Why Facebook came under fire in Myanmar

Close to 700,000 Rohingya refugees have fled to neighboring Bangladesh since last August in the wake of a government crackdown against the minority group. Then-Secretary of State Rex Tillerson officially labeled the crisis an “ethnic cleansing” in November, but the international community has been slow to act on the escalating humanitarian disaster.

The violence in Myanmar highlights the duality of social media in general, and Facebook in particular, as a force for both good and ill.

Activists and reporters use phones and social media to document atrocities, helping evade government censors. But anti-Muslim and anti-Rohingya memes and propaganda spread virulently through Facebook too, inciting violence and eroding support for the Rohingya’s plight. Public-facing accounts of verified government and military leaders — as well as the extremely influential accounts of nationalistic Buddhist monks — included false and inflammatory posts about the Rohingya, the New York Times reported in October.

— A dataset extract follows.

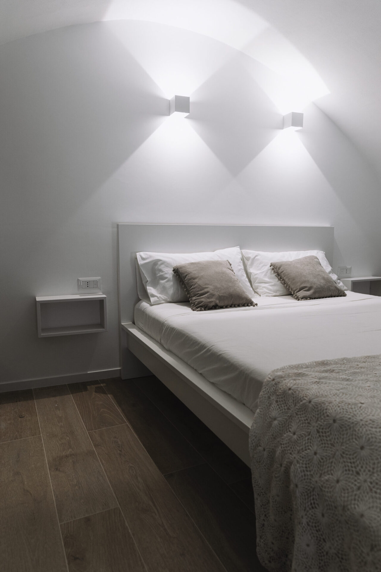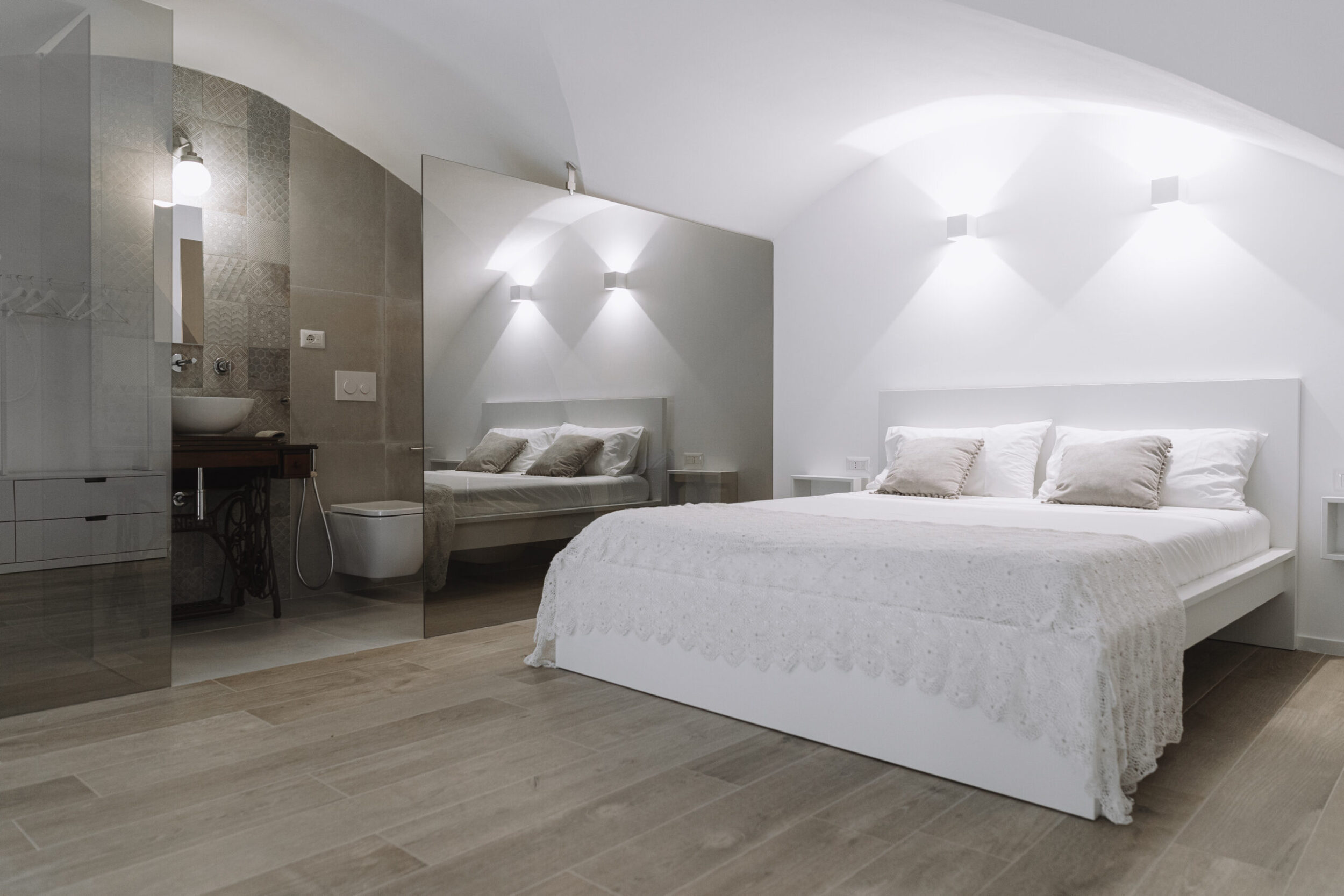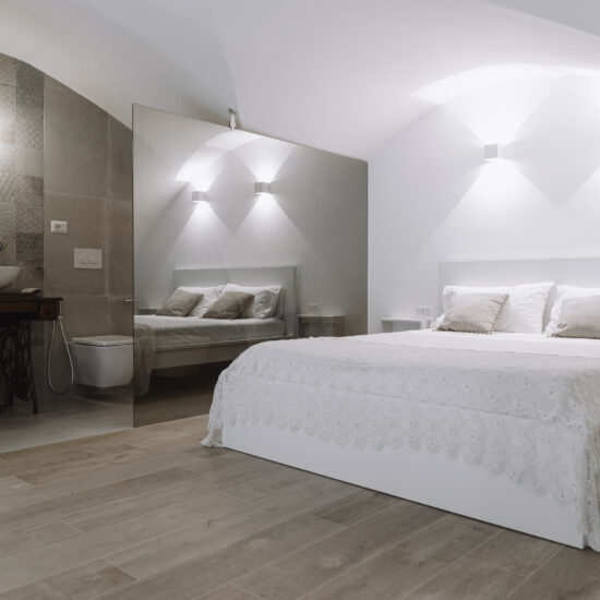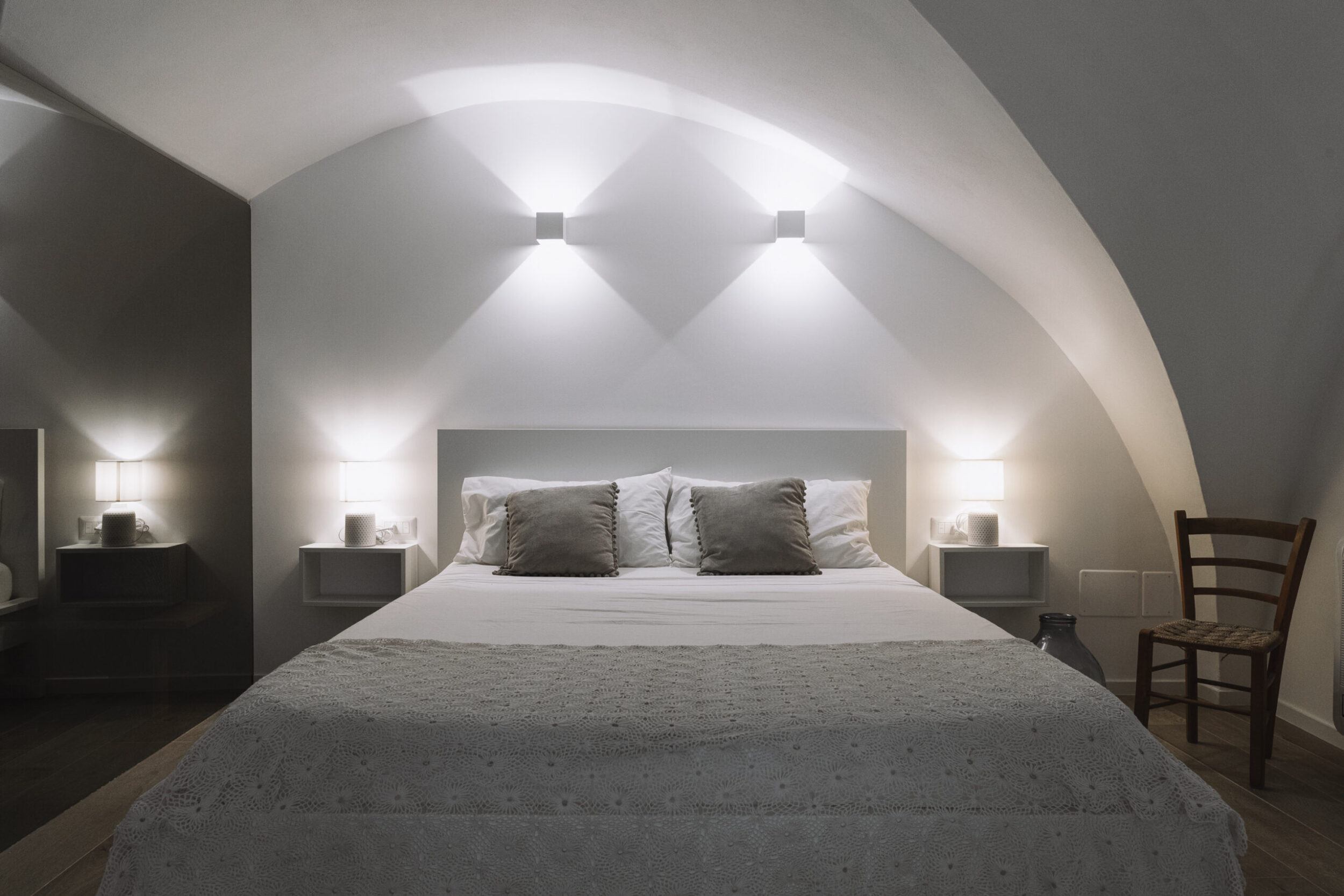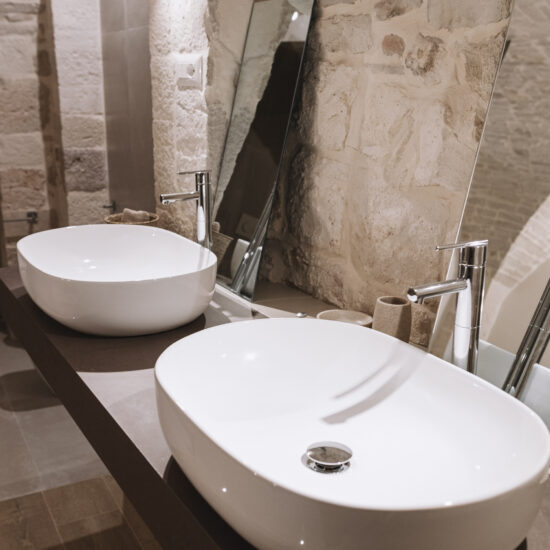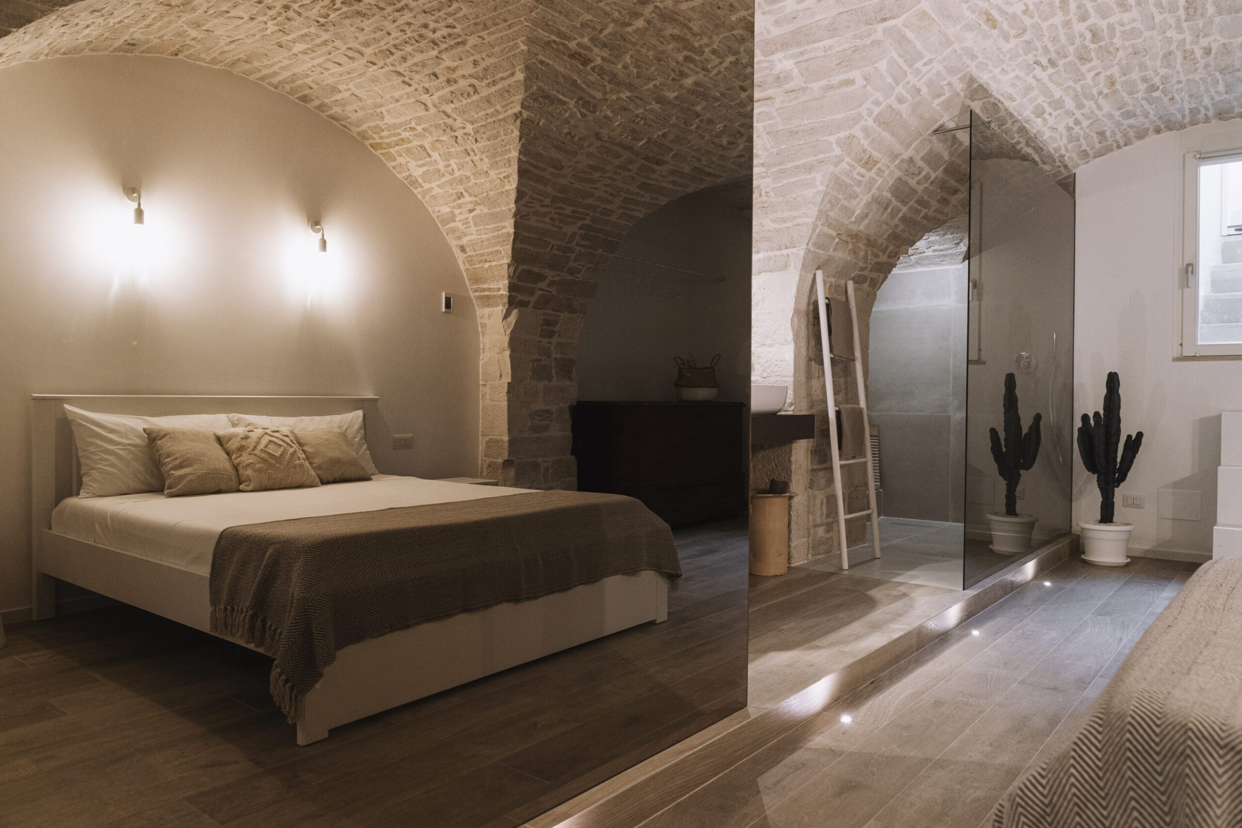 À la base, la pierre locale représente une sorte de cocon protecteur issu du passé, solide. À l'intérieur, l'atmosphère est étonnamment chaleureuse et caressante. La nouvelle géométrie des espaces, multipliés par le reflet du verre et des glaces, dessine des pièces modernes et lumineuses dans lesquelles passer des jours entiers, faisant l'éloge du repos et de la lenteur.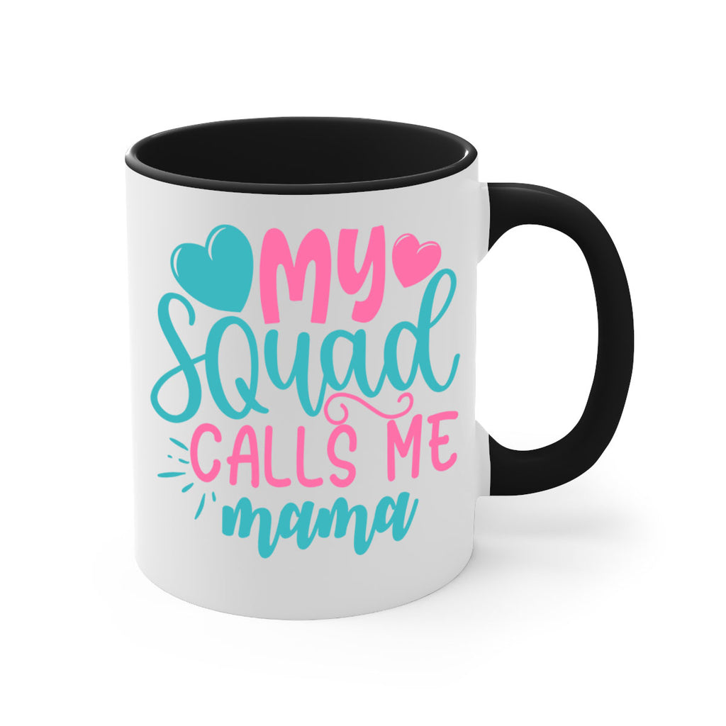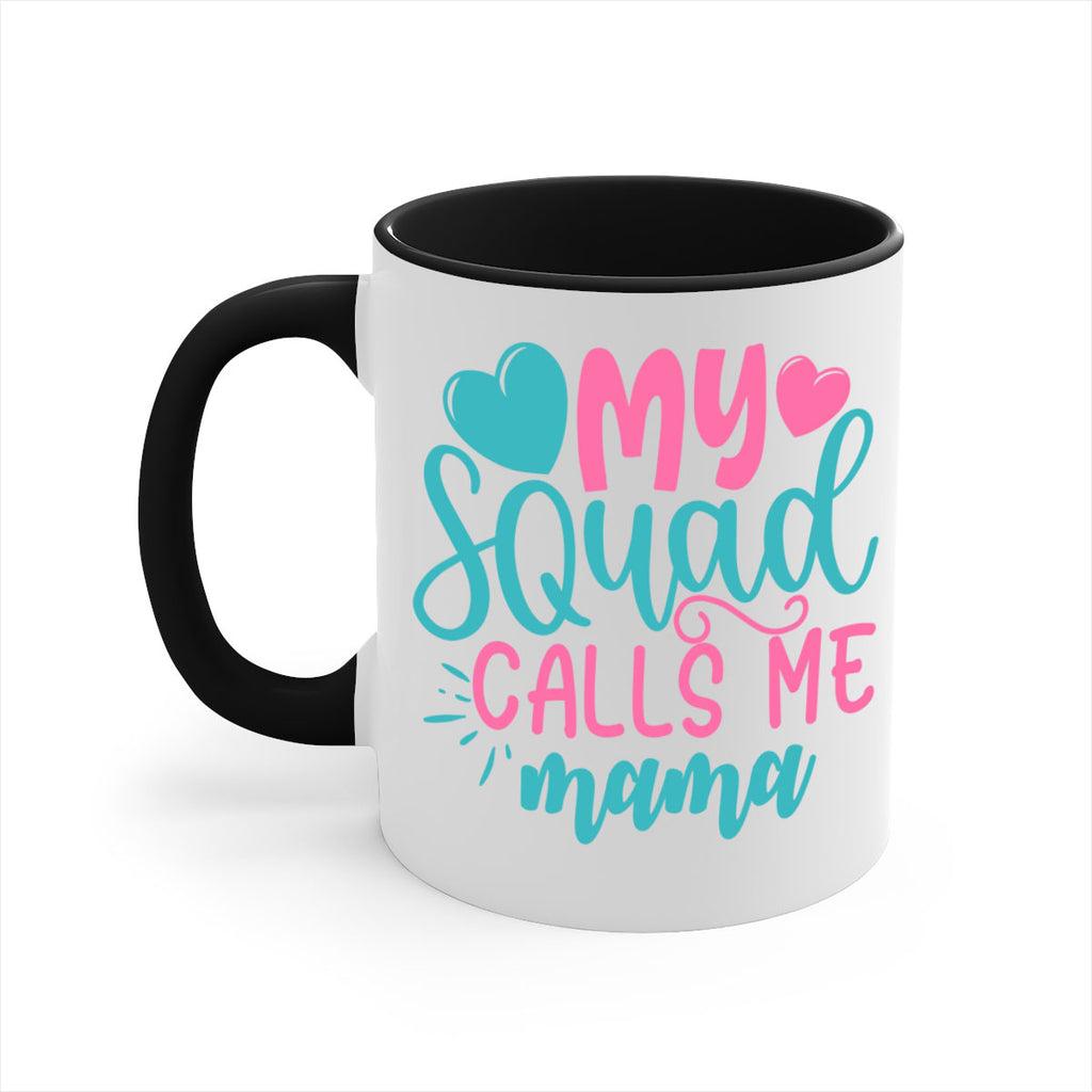 Enjoy the my squad calls me mama 307# Mug . Here to bring big gulps of coffee, Tea or any beverage and style, these two-tone coffee mugs help people around the world start the day just right. Choose between 5 different color options and 2 sizes to best complement the design. Each mug comes with a colored handle, a colored interior, and a classy, glossy finish so that your mugs become an instant favorite.

Javier Zarracina/Vox; NurPhoto via Getty Images

In a recent report on the Rohingya crisis, Marzuki Darusman, head of the United Nations Fact-Finding Mission on Myanmar, said Facebook “substantively contributed to the level of acrimony and dissension and conflict” in Myanmar. “Hate speech is certainly of course a part of that,” Darusman said. “As far as the Myanmar situation is concerned, social media is Facebook, and Facebook is social media.”

Facebook responded to the criticism by saying in a statement that there “is no place for hate speech or content that promotes violence,” and that it’s been working with experts in Myanmar to address the issue.

Facebook has taken down some posts, including temporarily shutting down the account of an ultranationalist Buddhist monk who posted incendiary content. But the company has also been accused of removing posts that document violence against the Rohingya, which underscores how challenging and complicated it is to even attempt to police the social network.

Zuckerberg told Klein in his interview that Facebook is constantly trying to navigate between these distinctions — deciding what qualifies as hate speech and what’s valid political speech, among other knotty problems. “I think more than a lot of other companies, we’re in a position where sometimes we have to adjudicate those kind of disputes between different members of our community,” he said.

Klein pointed out that while Facebook is a vital tool for information in Myanmar, that it might not get the attention of other markets given its size. Indeed, Facebook’s popularity as a news source in the region has exacerbated Myanmar’s fake news problem. According to CBS News, the number of Facebook users in Myanmar increased from 2 million in 2014 to more than 30 million currently — partly a result of the military junta easing censorship, and partly because of the increasing affordability of smartphones.

“Facebook has become sort of the de facto internet for Myanmar,” Jes Kaliebe Petersen, chief executive of Phandeeyar — a technology company that helped Facebook create its Myanmarese-language community standards page — told the Times. “When people buy their first smartphone, it just comes preinstalled.”

Zuckerberg conceded that Facebook needs to improve as its global reach expands. “Just based on the fact that our headquarters is here in California,” he told Klein, “and the vast majority of our community is not even in the US, I think does make this just a constant challenge for us to make sure that we’re putting due attention on all of the people in different parts of the community around the world.”